There are several natural community types within Big Shoals State Forest. The dominant type is Mesic Flatwoods, however Upland Mixed Forests, Basin Swamps, and Cypress Domes are well represented. Most of these communities are good examples and have been well maintained. A perennial stream, Four Mile Branch, flows through Big Shoals and into the Suwannee River.

Using an ecosystem management approach, the primary management objective of the Division of Forestry is to restore, maintain and protect all native ecosystems. Through sound multiple-use management practices, a proper balance is maintained between resource utilization and resource protection. The forest which provides habitat for many species of wildlife including white-tailed deer, bobcat, fox squirrel and wild turkey.


While Big Shoals Public Lands is noted for its whitewater rapids associated with the Big and Little Shoals on the Suwannee River at certain river levels, the State Forest portion has multiple other recreation opportunities as well. These include nature study, picnicking, hiking, bicycling, horseback riding, fishing, and hunting.

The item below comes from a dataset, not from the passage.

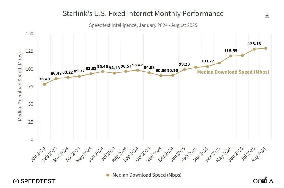 Despite the introduction of T-Satellite, Ookla reports that the download and upload speeds of Starlink’s fixed internet service have not decreased. In fact, median download speed has shown a gradual increase from 78.49 Mbps in early 2024 to 128.18 Mbps recently, with upload speeds also improving over time.

Big Shoals State Forest contains a hiking trail and horseback riding trail included in the Florida Division of Forestry Trailwalker and Trailtrotter Programs. There is also a very popular 4 mile paved bicycle trail located on the State Forest. 

A canoe launch is located on the northern section of the river but note: the shoals are very dangerous and should not be navigated when the water level is high. In addition, FWC has designated a portion of Big Shoals Public Lands as a Type I Wildlife Management Area for hunting.